How to tokenize a text using SentenceTransformer?

Question

Question

Kurro Lopez · Mar 25

#Docker #JSON #Python #Vector Search #InterSystems IRIS

Hi all.

I'm trying to create an indexed table with an vector field so I can search by the vector value.
I've been investigating and found that to get the vector value based on the text (token), use a Python method like the following:

ClassMethod TokenizeData(desc As %String) As %String [ Language = python ]
{
    import iris
    # Step 2: Generate Document Embeddings
    from sentence_transformers import SentenceTransformer

    model = SentenceTransformer('/opt/irisbuild/all-MiniLM-L6-v2')

    # Generate embeddings for each document
    document_embeddings = model.encode(desc)

    return document_embeddings.tolist()
}

The model all-MiniLM-L6-v2 is downloaded from https://ollama.com/library/all-minilm and installed into my Docker instance.

When I've tryed to test this métod (from Visual Studio), it throws the following error:

<THROW>DebugStub+40^%Debugger.System.1 *%Exception.PythonException <PYTHON EXCEPTION> 246 <class 'OSError'>: It looks like the config file at '/opt/irisbuild/all-MiniLM-L6-v2/config.json' is not a valid JSON file.

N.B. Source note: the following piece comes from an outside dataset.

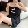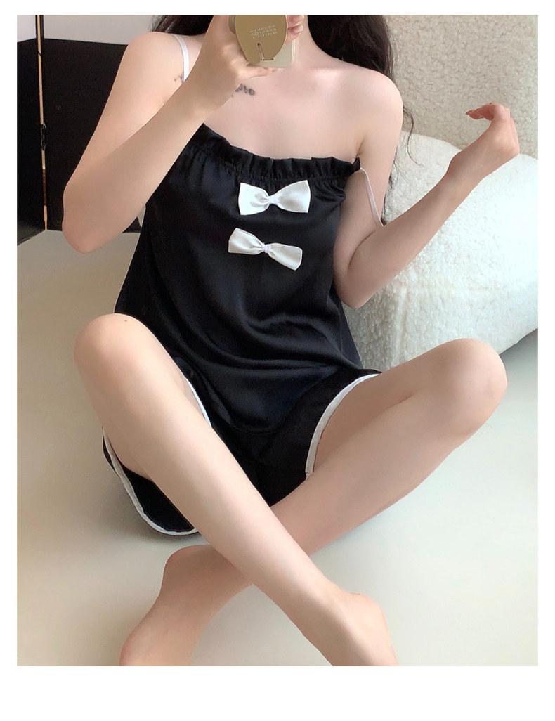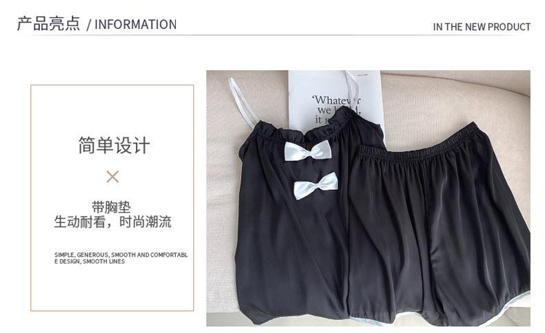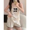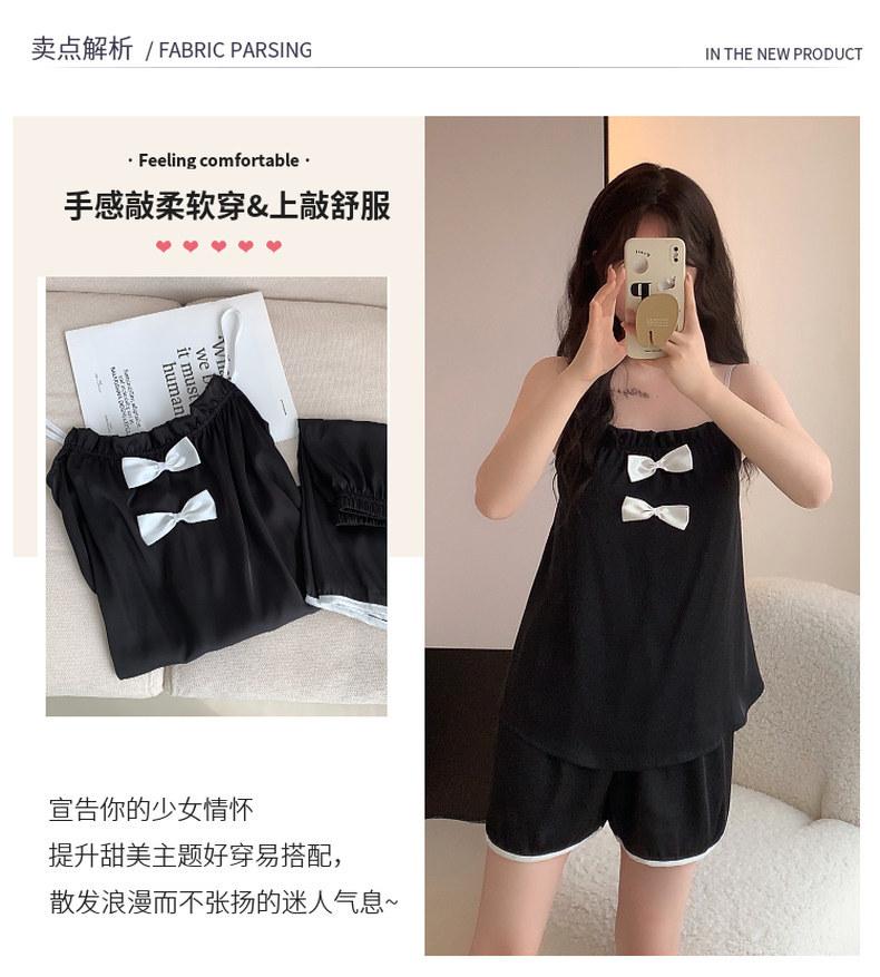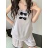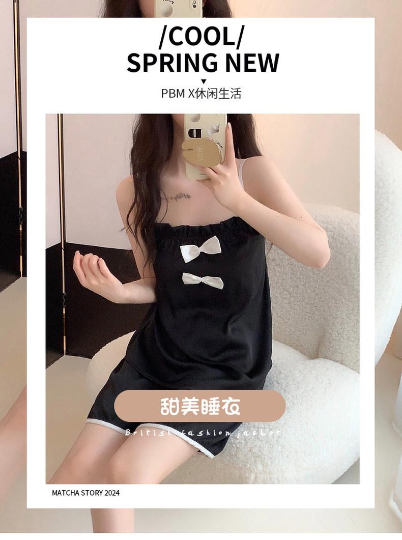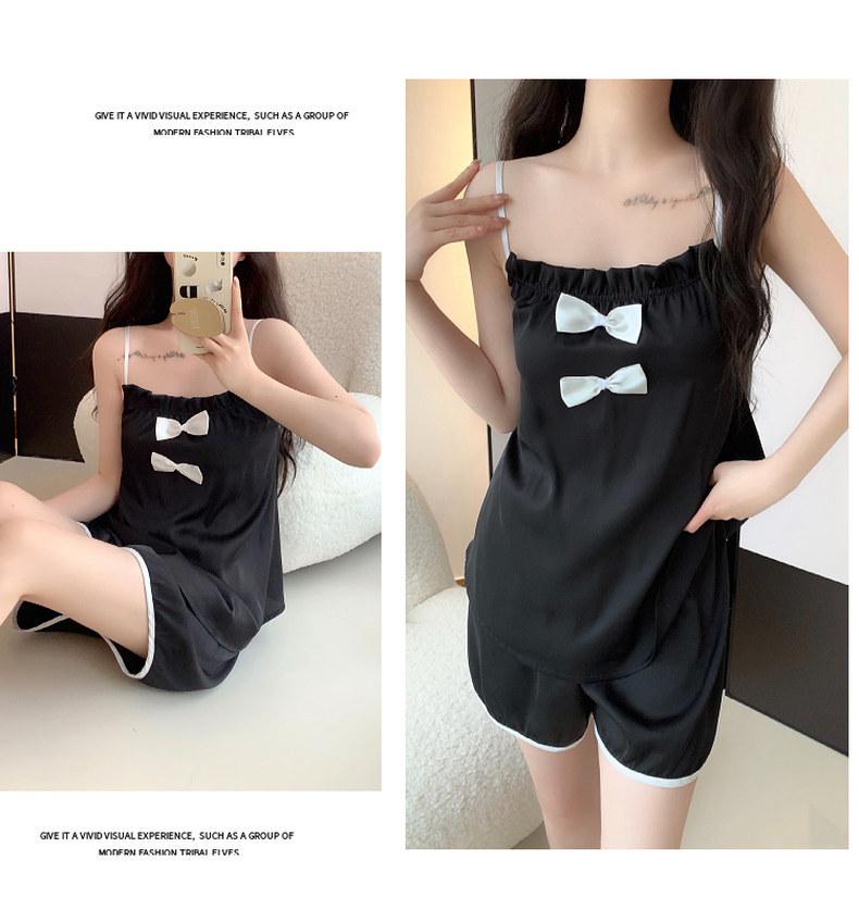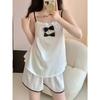 Pijama de Verano para Mujer de Seda de Hielo Delgada con Tirantes y Shorts Ropa para el Hogar Casual Dulce Seda de Hielo Sexy Traje de Dos Piezas

Then I changed the config.json file to create a valid JSon file (I only wrote the curly braces) and repeated the test, but there is a new error.

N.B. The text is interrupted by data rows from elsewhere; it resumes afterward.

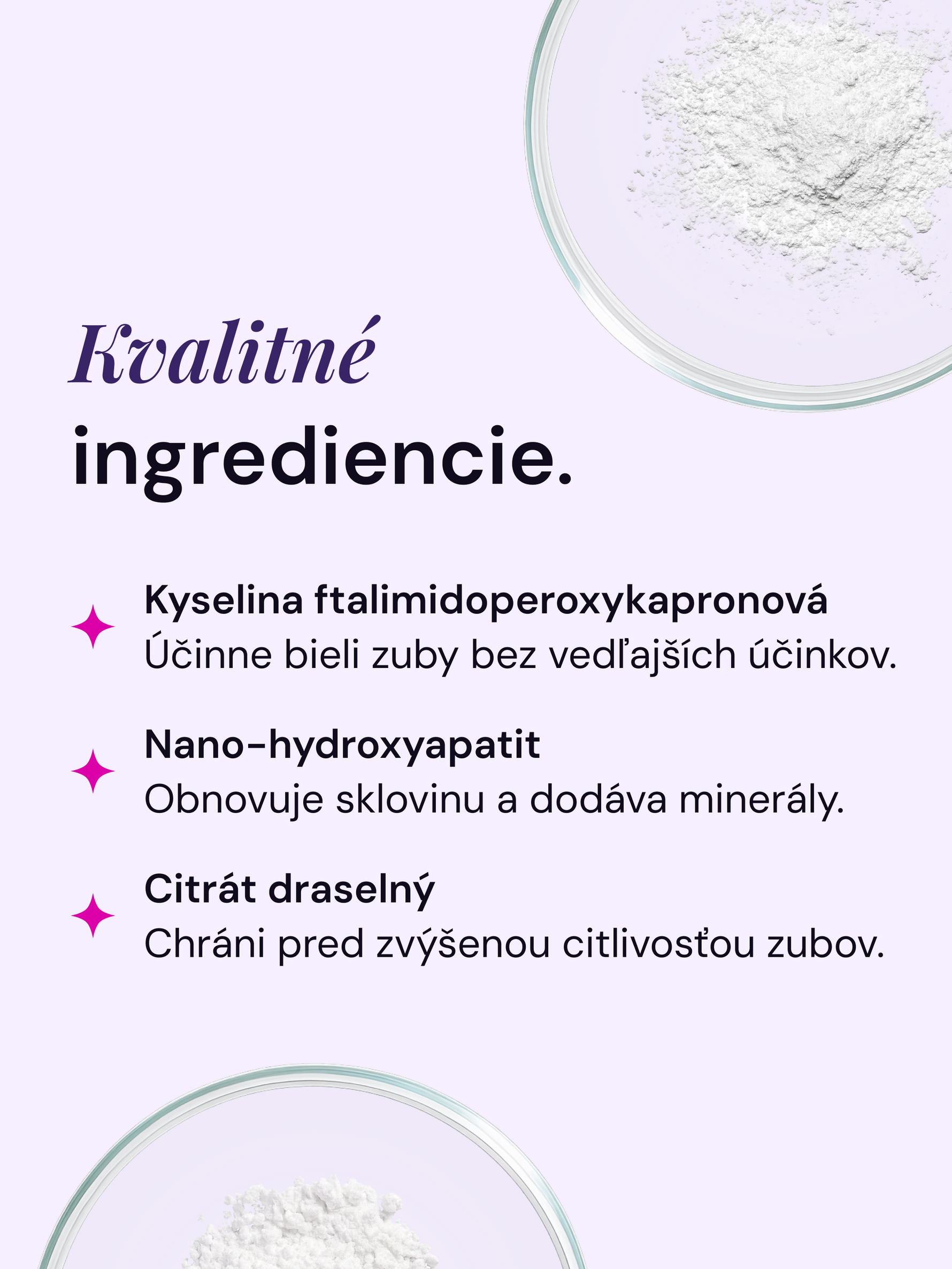 Vedecky overená bieliaca zložka zubov, ktorá je bezpečnou alternatívou peroxidu. PAP nemá pri oxidácii škvŕn na zuboch žiadne negatívne vedľajšie účinky, čo umožňuje účinné bielenie bez bolesti a citlivosti.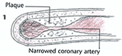 narrowed or blocked by the buildup of fatty deposits (plaque) in a process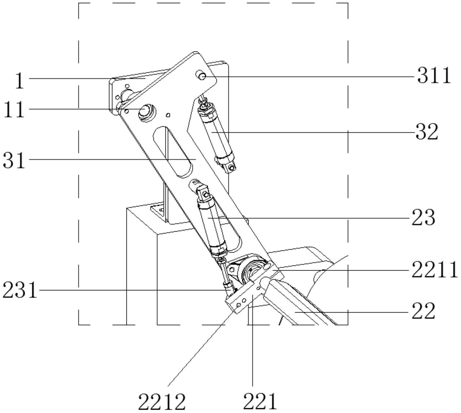 本实用新型公开了一种变位毛刷压纸机构,包括固定支架、排刷结构和摆动结构,所述固定支架上设有铰支轴,所述摆动结构包括摆臂和第一驱动件,所述摆臂的连接端与所述铰支轴可转动连接,所述摆臂的自由端与所述排刷结构活动连接,所述第一驱动件的输出端与所述摆臂传动连接且能够使所述摆臂绕所述铰支轴的轴线摆动。通过第一驱动件控制摆臂绕铰支轴的轴线实现翻动,从而带动排刷结构相对于进纸端口移动,实现调整排刷结构的压纸点位置的调整,并且能够调整毛刷的压纸角度,毛刷与纸板的内夹角越小作用于纸板表面的压力越小,进而可根据纸板的硬度调整压力,避免毛刷压伤纸板。
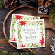 This classic red and green Christmas wedding napkin features traditional poinsettia flowers, holly berries and greenery creating a beautiful botanical border. A festive and bright table decor for a holiday wedding with elegant script.

<THROW>DebugStub+40^%Debugger.System.1 *%Exception.PythonException <PYTHON EXCEPTION> 246 <class 'safetensors_rust.SafetensorError'>: Error while deserializing header: HeaderTooSmall

Does anyone know how to fix this problem?
Is there any other way to create the vector value so I can index it?

Best regards.

Product version: IRIS 2024.1

$ZV: IRIS for UNIX (Ubuntu Server LTS for x86-64 Containers) 2024.1.2 (Build 398U) Thu Oct 3 2024 14:20:43 EDT

Discussion (2)2

Log in or sign up to continue

Luis Angel Pére... · Mar 25

https://es.community.intersystems.com/post/%C2%BFc%C3%B3mo-tokenizar-un-...

0 0

score 0 · Answer 1 · 2025-03-25T08:21:53-04:00

Kurro Lopez · Mar 25

Note: If I use this method using Python3 and Jupiter, it works

0 0